DTE analysis with Salmon/Kallisto input
Analysis and result presented was performed with Salmon counts, Code snippet to import Kallisto counts is also provided
Load required libraries
library(data.table)
library(tximport)
library(DESeq2)
library(apeglm)
library(ggplot2)
library(ggrepel)
library(EnhancedVolcano)Import clinical data
Load clinical information and define file path
dir = "../../"
sampleData = paste0(dir, "clinical.txt")
sampleData = fread(sampleData)
rownames(sampleData) = sampleData$ENA_RUN
sampleData$individual = as.factor(sampleData$individual)
sampleData$paris_classification = as.factor(sampleData$paris_classification)
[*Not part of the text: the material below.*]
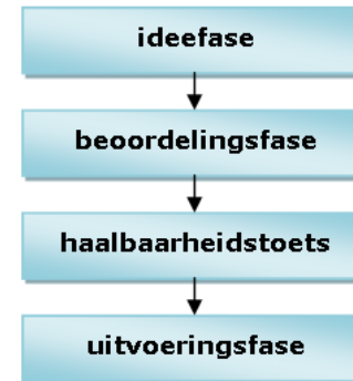
Fasering van de prijsvraag

De prijsvraag is opgedeeld in vier fasen:

# Use relevel() to set adjacent normal samples as reference
sampleData$paris_classification = relevel(sampleData$paris_classification, ref = "normal")Load expression data
Salmon
files = file.path(paste0(dir, "salmon"), list.files(paste0(dir, "salmon")), "quant.sf")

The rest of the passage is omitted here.